- Interactive map of Koyamazaki ruins
- 39°04′18″N 139°53′20″E﻿ / ﻿39.07167°N 139.88889°E
- Type: settlement
- Periods: Jōmon period
- Location: Yuza, Yamagata, Japan
- Region: Tōhoku region

Site notes
- Public access: Yes (no facilities)

= Koyamazaki Site =

Jōmon period archaeological site in Yuza, Yamagata, Japan

The Koyamazaki ruins (小山崎遺跡, Koyamazaki iseki) is an archaeological site containing the ruins of a Jōmon period settlement located in what is now the Nanamagarihigashi, Fukiura neighborhood of the town of Yuza, Yamagata in the Tōhoku region of northern Japan. The site was designated a National Historic Site of Japan on March 10, 2020.

==Overview==
The Koyamazaki site spreads out on the southwestern foot of Mount Chōkai, on the right bank of the Ushiwatari River. The main remains are on the hill slopes to the north and the lowlands to the west, centering on a tongue-shaped plateau about 5 meters above sea level which protrudes from the foot of the mountain into the plains. The Ushiwata River flows westward to the south of the ruins. This is a river with a salmon run, and salmon bones have been detected in the soil of the ruins. In the virgin forest on the east side of the ruins is Maruike Pond, which has existed since the Jōmon period and is still worshiped as a sacred site today. It has a diameter of 30 meters and a depth of 3 to 4 meters.

The site was inhabited over a period of time, from the early Jōmon period to the late Jōmon period, with the major concentration of remains from the late-middle to final period. The length of continuous occupation provides valuable insight into how land use evolved with changes in the natural environment, such as major changes in sea levels and climate in the "Jōmon transgression" and "Jōmon regression". It provides insight into differences between villages located on the slopes of the hills and the waterside remains located in the lowlands. A large amount of both animal and plant remains have been unearthed from this site, and since these were unearthed stratigraphically together with earthenware, stone tools, and wooden products, the evolution the Jōmon diet can also be surmised.
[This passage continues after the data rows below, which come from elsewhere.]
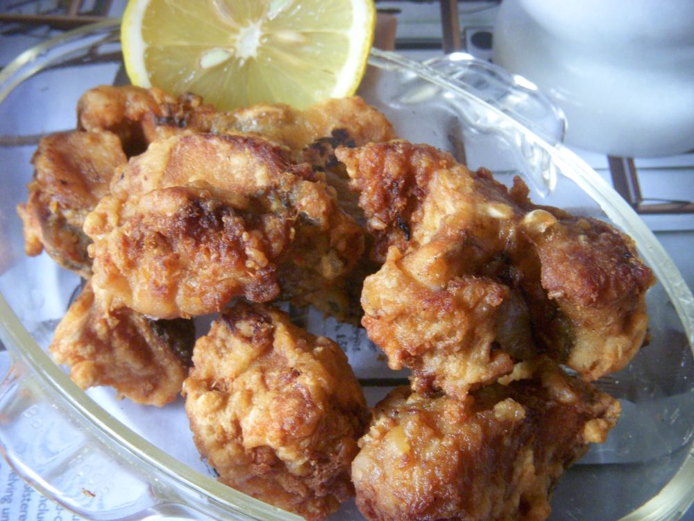 酥炸鳕鱼:用酱油,料酒和姜末腌制30分钟,加面粉薄薄地裹着表面,滚油中火至金黄。成品香酥可口。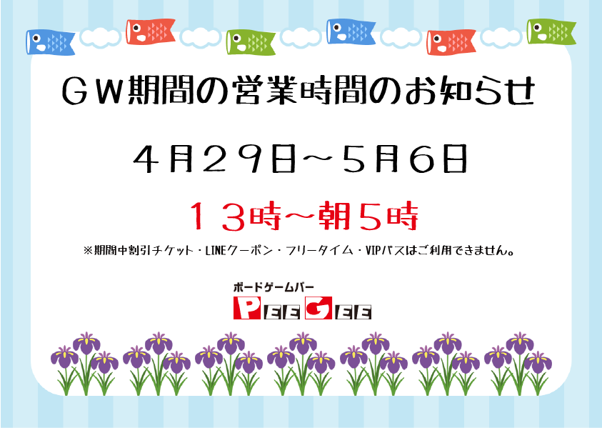 ホーム > ボードゲームバー > 【GW期間の営業時間のお知らせ】 2026/04/18 【GW期間の営業時間のお知らせ】 GW期間の営業時間は下記となりますので宜しくお願い致します。 4月29日~5月6日 13時~朝5時 ※期間中割引チケット、LINEクーポン・フリータイム・VIPパスはご利用できません。 - ボードゲームバー, お知らせ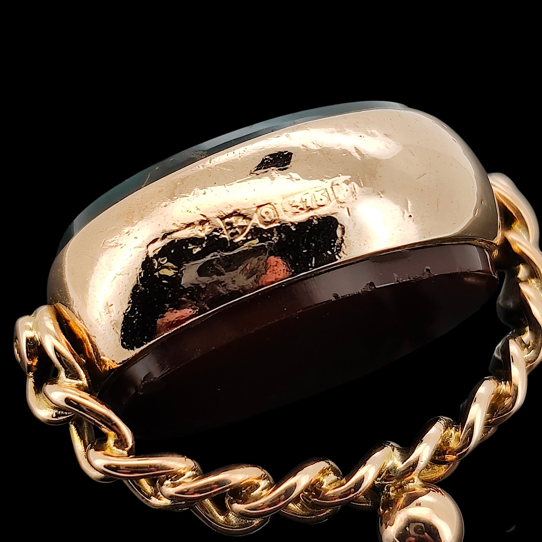 Antique 9ct Yellow Gold Bloodstone and Carnelian Swivel Fob Seal
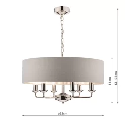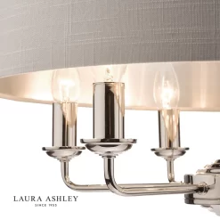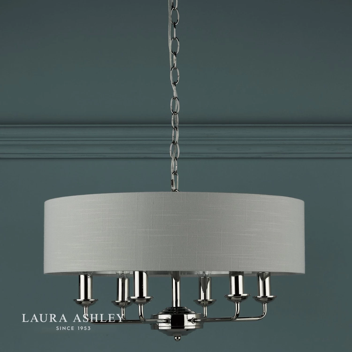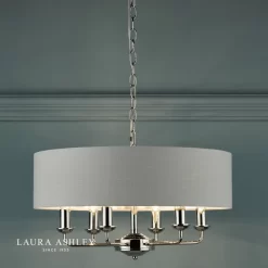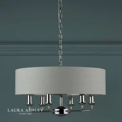 Cool and smart, the attractive large Sorrento ceiling light from Laura Ashley boasts six lights on arms, all encased in a single contemporary drum shade in silver slubbed linen with a metallic silver inner. A hanging chain falls from a round, Art Deco style, stepped ceiling rose. This 6 light pendant ceiling fitting comes in a velvety brushed chrome, adding grown-up atmosphere to your dining or living area.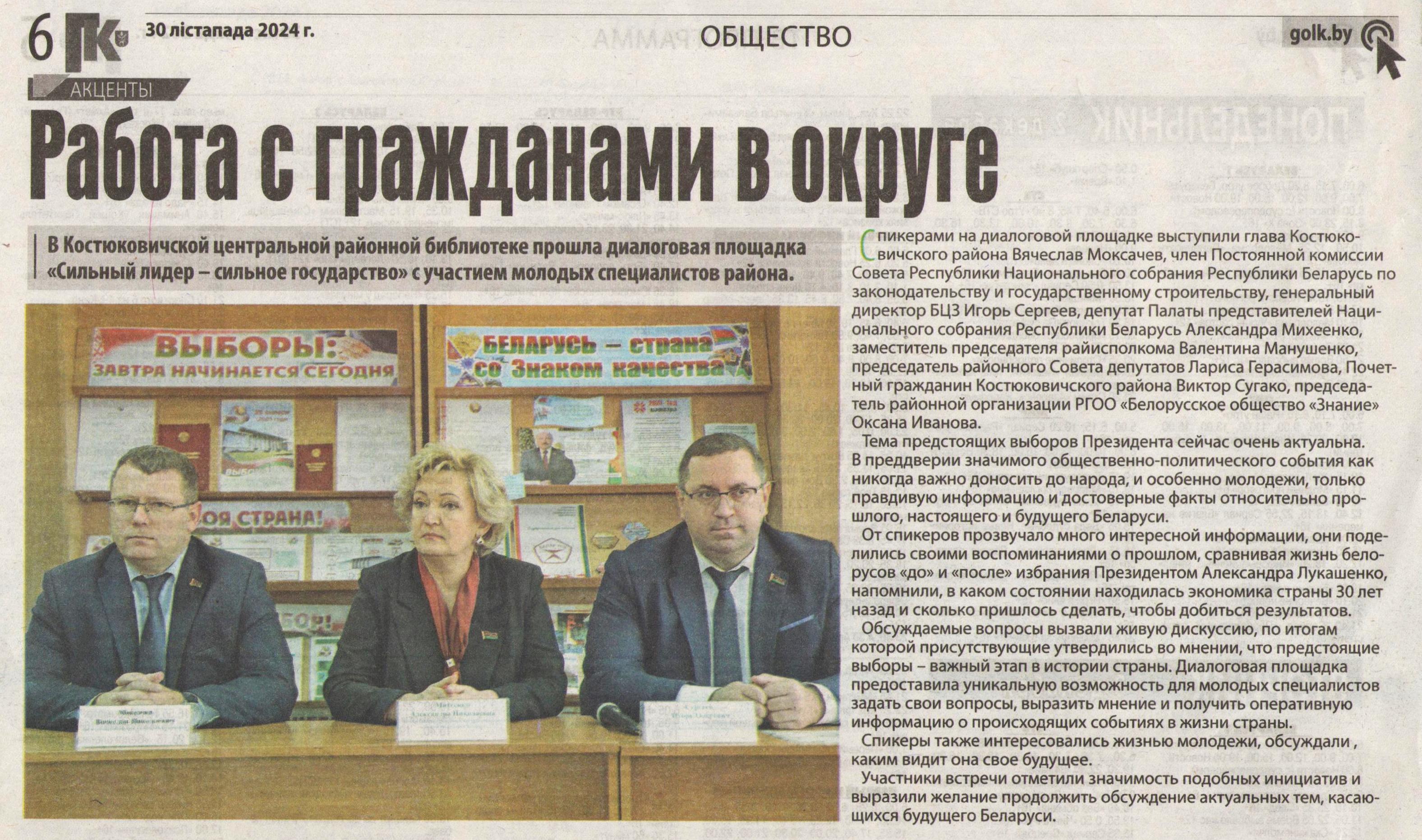 2. Глинястикова, А. Работа с гражданами в округе / Анна Глинястикова, Ольга Кривошеева ; фото Ольги Кривошеевой // Голас Касцюкоўшчыны. — 2024. — 30 лістапада. — С. 6.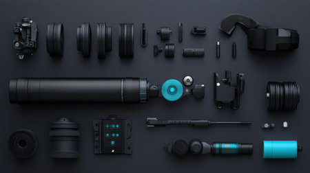 A dynamic arrangement of photography equipment and accessories displayed on a dark surface, showcasing vibrant details and modern design elements.

According to analysis of diatom fossils, the lowland around the tongue-shaped plateau, which is the center of the site, was a lagoon during the Jomon transgression in the early Jōmon period, but became a tidal flat and then a low marsh after the middle Jomon period. Relics from the early Jomon period have been unearthed from a slightly elevated area on the east side of the site, and three shell middens and one Prehistoric storage pit for storage of acorns (Quercus serrata) can be seen in these lowlands. The shell middens contained mainly clams that lived in brackish water. Acorns have traces of processing to prevent germination during storage. During the middle Jōmon period, the coastline receded (the Jōmon regression) to almost its present position due to the effects of climate cooling. In the middle to late period, a settlement was formed on the hillside on the north side of the site (northwest of Maruike Pond). Cultivated species such as hemp, millet, and burdock-like species have been unearthed from the inclusion layer of the late period. Also in the late period, the lowland on the west side of the ruins was developed, and the so-called "waterside remains" (described below) were built. By the middle of the late period, the use of the "waterside remains" had ended, and traces of settlement declined, leading to the speculation that the settlement was gradually abandoned.

The "waterside remains" that characterize this site are a series of facilities that were built in the late Jōmon period in the lowlands on the west side of the site, connected to the former channel of the Ushiwatari River. It consists of paving stones, driven piles, wooden paving remains, and road-like remains with a length of 23 metes and width of up to two meters. The structure also appeared to function as a levee. Similar facilities have been found in other Jōmon period settlements and were used to process acorns to remove the bitterness and make them more palatable. There was also a separate 4x 6 meter platform made of andesite paving stones on a wooden foundation to prevent uneven settling. The presence of a grinding stone with red iron oxide powder along with unfinished wooden products in this area suggests that this was connected with a workshop used to produce the red lacquered wooden products have also been unearthed at the Koyamazaki site.